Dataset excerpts
*** Block opens ***
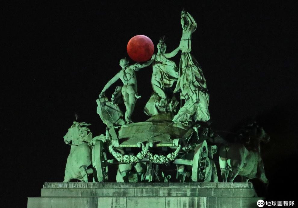 21號這天,一輪「超級血狼月」(Super Blood Wolf Moon)高掛布魯塞爾五十周年紀念公園上方,與拱門上的雙輪戰車雕像相映成趣。「超級血狼月」是「狼月」(Wolf Moon:一月的滿月稱為狼月)、血月(Blood Moon:月亮呈現鐵鏽紅色)和「超級月亮」(Super Moon:月亮剛好在滿月時離地球最近)三合一的天文奇景,更是許多天文迷引頸期盼的賞月機會。
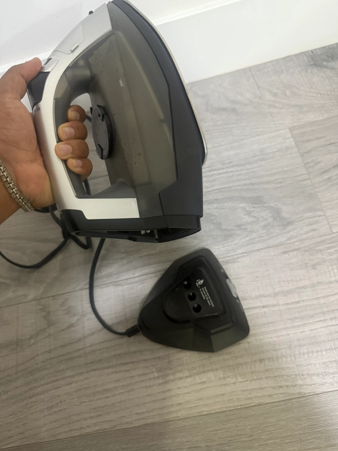 Selling a Sunbeam cordless iron, model GCSBNC-101-033. It's a cordless iron, so it's super convenient to use without being tethered to an outlet. The iron comes with its charging base.
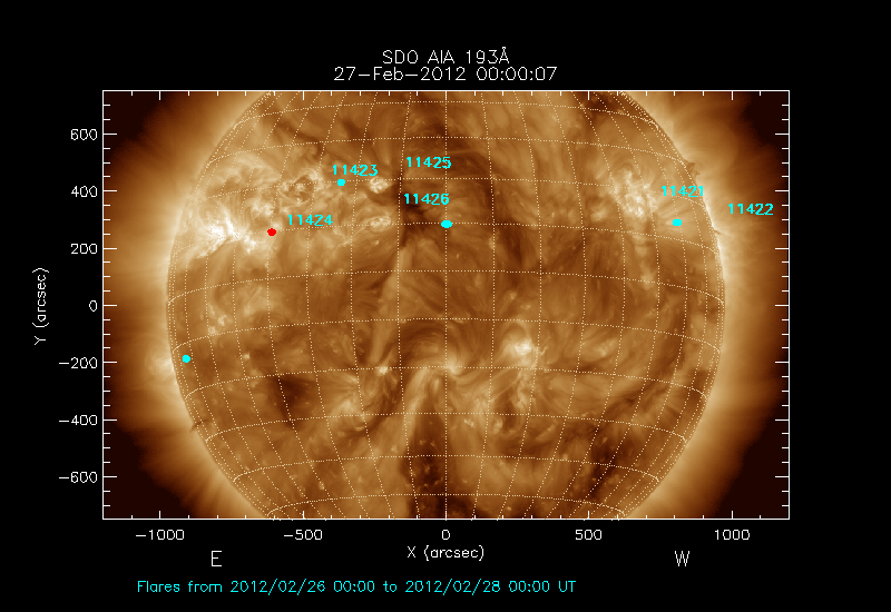 The locations of the flares over-plotted on the image are derived from the flare catalogue
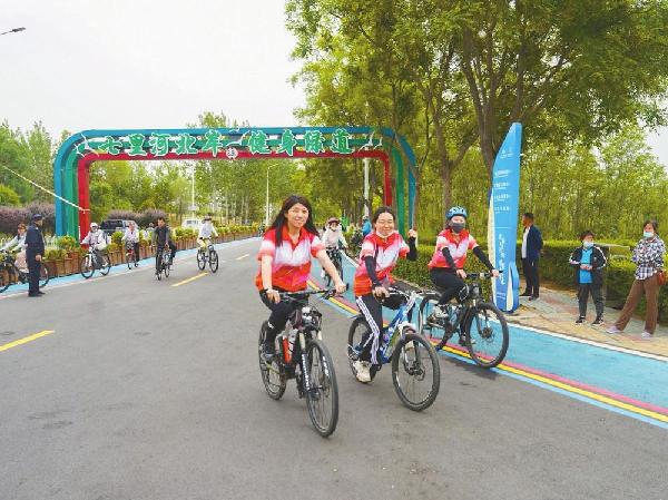 骑行队伍沿七里河北岸健身绿道一路前行,途经钢铁路大桥、滨江路大桥、西环路大桥、邢左大桥,在绿树红花间飞驰穿梭。大家神态轻松,不时向路旁志愿者挥手致意。车轮与健身绿道的摩擦声、河风拂过耳畔的沙沙声和阵阵鸟鸣合奏出一首激昂奋进的交响曲。“骑行活动不仅愉悦身心,还提振精气神。我要以更加饱满的热情投入今后的工作。”信都区职工郝硕说。
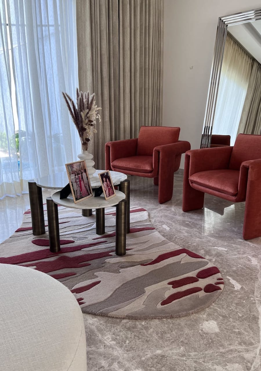 Abstract Irregular Hand-Tufted Wool Rug – Red & Beige Tones
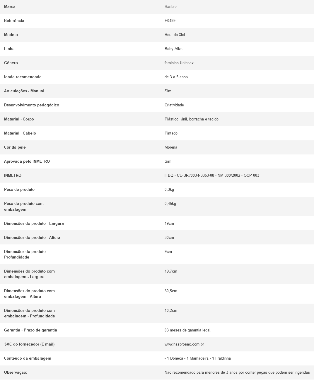 Divirta-se com essa boneca incrível! A Boneca Baby Alive Hora do Xixi da Hasbro vem com acessórios e vai garantir altas diversões. Dê água na mamadeira para ela beber e ela vai fazer xixi de verdade na fraldinha. Ela está sempre pronta para brincar. Você irá adorar trocar, cuidar e alimentá-la como se fosse um lindo bebê de verdade.Tudo isso com a certificação do INMETRO.
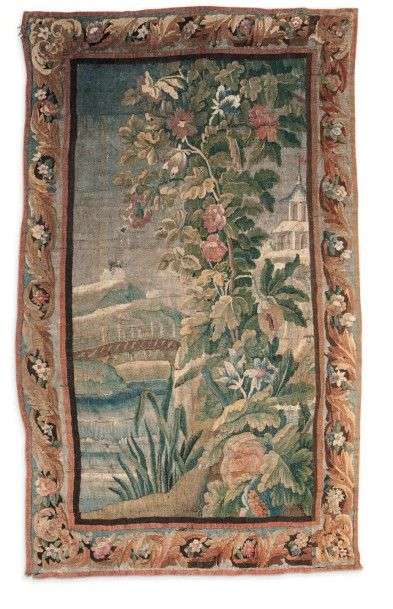 Tapisserie «Paysage fleuri au bord d'une rivière»
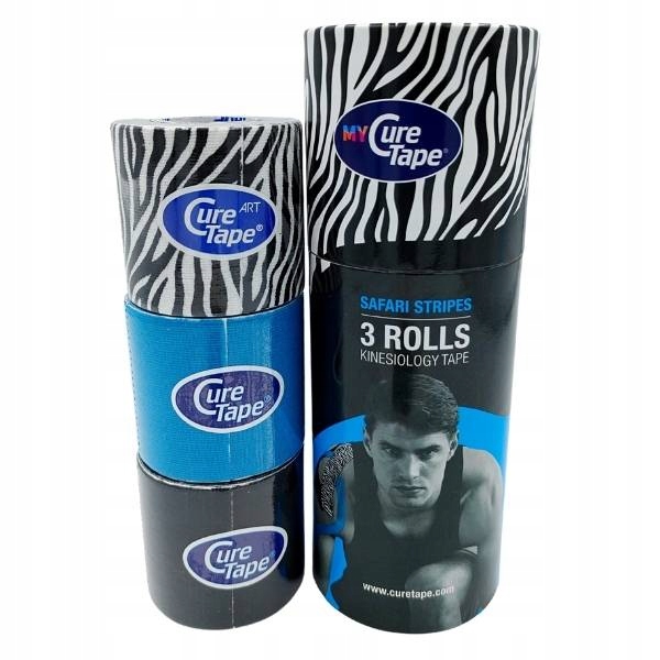 Набір із 3 стрічок для кінезіотейпування My Cure Tape 5 см x 2,5 м Safari Stripes у практичній і Спеціально підібрана комбінація кольорів упаковки - це найякісніші пластирі для кінезіотейпування з дуже широким спектром застосування у фізіотерапії та спорті.
*** Block closes ***
How to complete this task: Output a faithful copy of the data, with each picture left out.

Answer:
 21號這天,一輪「超級血狼月」(Super Blood Wolf Moon)高掛布魯塞爾五十周年紀念公園上方,與拱門上的雙輪戰車雕像相映成趣。「超級血狼月」是「狼月」(Wolf Moon:一月的滿月稱為狼月)、血月(Blood Moon:月亮呈現鐵鏽紅色)和「超級月亮」(Super Moon:月亮剛好在滿月時離地球最近)三合一的天文奇景,更是許多天文迷引頸期盼的賞月機會。
 Selling a Sunbeam cordless iron, model GCSBNC-101-033. It's a cordless iron, so it's super convenient to use without being tethered to an outlet. The iron comes with its charging base.
 The locations of the flares over-plotted on the image are derived from the flare catalogue
 骑行队伍沿七里河北岸健身绿道一路前行,途经钢铁路大桥、滨江路大桥、西环路大桥、邢左大桥,在绿树红花间飞驰穿梭。大家神态轻松,不时向路旁志愿者挥手致意。车轮与健身绿道的摩擦声、河风拂过耳畔的沙沙声和阵阵鸟鸣合奏出一首激昂奋进的交响曲。“骑行活动不仅愉悦身心,还提振精气神。我要以更加饱满的热情投入今后的工作。”信都区职工郝硕说。
 Abstract Irregular Hand-Tufted Wool Rug – Red & Beige Tones
 Divirta-se com essa boneca incrível! A Boneca Baby Alive Hora do Xixi da Hasbro vem com acessórios e vai garantir altas diversões. Dê água na mamadeira para ela beber e ela vai fazer xixi de verdade na fraldinha. Ela está sempre pronta para brincar. Você irá adorar trocar, cuidar e alimentá-la como se fosse um lindo bebê de verdade.Tudo isso com a certificação do INMETRO.
 Tapisserie «Paysage fleuri au bord d'une rivière»
 Набір із 3 стрічок для кінезіотейпування My Cure Tape 5 см x 2,5 м Safari Stripes у практичній і Спеціально підібрана комбінація кольорів упаковки - це найякісніші пластирі для кінезіотейпування з дуже широким спектром застосування у фізіотерапії та спорті.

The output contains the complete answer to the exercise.